The Ridiculous Reason A Michigan Board Said No To A State Abortion Referendum

Republicans on the panel blocked the measure after Michiganders showed their support for it en masse.

A Michigan state elections panel voted along party lines Wednesday to block a proposal that could enshrine the right to abortion in the state constitution.

The reason? A typography issue.

Words were not misspelled ― nay, there was simply not sufficient spacing between some of them, apparently. (In graphic design, the space between characters is called “kerning.”)

The Michigan Board of State Canvassers deadlocked over whether to allow the abortion proposal to appear on the November ballot after a right-wing group challenged the proposal, which had been organized by the pro-choice group Reproductive Freedom for All.

The right-wing group, called Citizens to Support MI Women and Children, challenged the entire effort because, they said, minimal spacing in the text of the proposed amendment language reduced it to “gibberish.”

The canvassing board’s two Republican members voted to block the proposal, while two Democrats voted in favor of allowing it to appear before the voting public.

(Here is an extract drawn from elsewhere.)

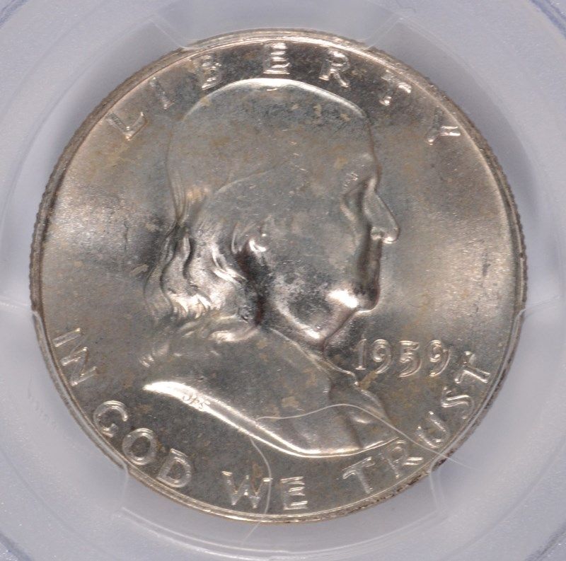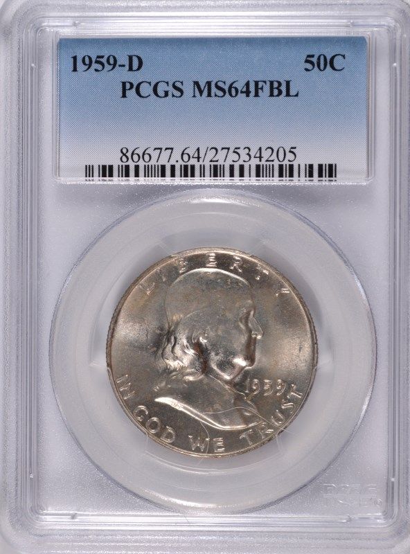 1959-D FRANKLIN HALF DOLLAR, PCGS MS-64 FBL

A staff report from the state bureau of elections, overseen by Michigan’s Democratic secretary of state, had recommended approving the petition.

The drive to cement abortion rights in the Michigan constitution revealed a groundswell of support in the aftermath of the U.S. Supreme Court’s June 24 decision to overturn Roe v. Wade.

Organizers needed to collect at least 425,059 signatures. That specific hurdle stemmed from a rule stipulating that proposals to alter the state constitution must be “signed by registered electors of the state equal in number to at least 10 percent of the total vote cast for all candidates for governor at the last preceding general election at which a governor was elected.”

In the end, they managed to collect more than 750,000 signatures.

All is not quite lost for abortion rights supporters in Michigan. The state’s left-leaning supreme court could intervene in the coming days, although they face a Sept. 9 deadline to set the text of the ballot, according to The Detroit News.

Abortion is currently legal in the Great Lakes state. But that could change if a 1931 anti-abortion law is eventually permitted to go into effect.

Michigan Gov. Gretchen Whitmer, a Democrat, has vowed to “fight like hell” to prevent the nearly century-old ban from becoming the law of the land. It criminalizes abortion with no exceptions for rape or incest. While the measure is currently blocked by a judge from taking effect, its conservative supporters say the fight is not over.

Enshrining the right to abortion in the state constitution, however, would settle the issue.